What needs to be done: Each line below is to be copied exactly; images do not go into the copy.

Collected data:
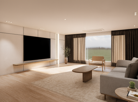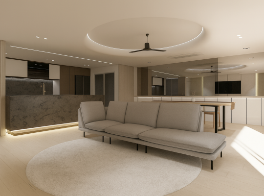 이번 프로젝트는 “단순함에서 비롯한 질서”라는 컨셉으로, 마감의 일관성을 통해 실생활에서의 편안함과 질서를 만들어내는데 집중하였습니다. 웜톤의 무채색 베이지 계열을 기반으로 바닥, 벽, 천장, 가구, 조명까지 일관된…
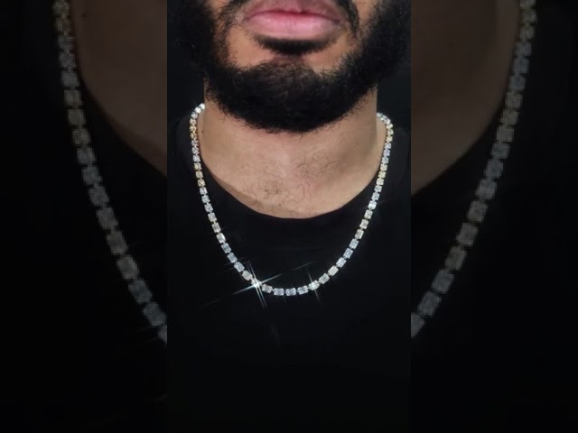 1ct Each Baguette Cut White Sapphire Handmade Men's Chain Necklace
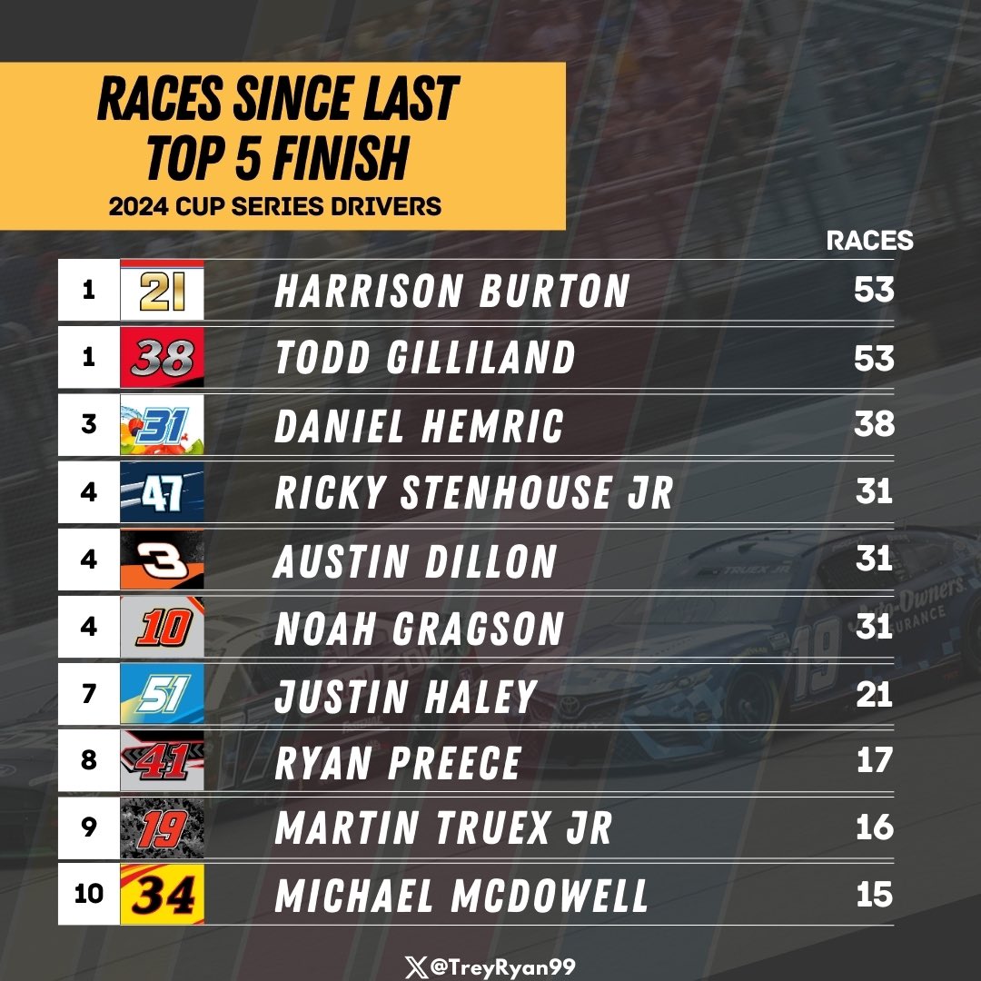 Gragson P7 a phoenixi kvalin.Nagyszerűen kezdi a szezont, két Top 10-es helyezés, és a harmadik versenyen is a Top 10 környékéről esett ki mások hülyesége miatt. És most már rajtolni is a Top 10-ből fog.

Answer space:
 이번 프로젝트는 “단순함에서 비롯한 질서”라는 컨셉으로, 마감의 일관성을 통해 실생활에서의 편안함과 질서를 만들어내는데 집중하였습니다. 웜톤의 무채색 베이지 계열을 기반으로 바닥, 벽, 천장, 가구, 조명까지 일관된…
 1ct Each Baguette Cut White Sapphire Handmade Men's Chain Necklace
 Gragson P7 a phoenixi kvalin.Nagyszerűen kezdi a szezont, két Top 10-es helyezés, és a harmadik versenyen is a Top 10 környékéről esett ki mások hülyesége miatt. És most már rajtolni is a Top 10-ből fog.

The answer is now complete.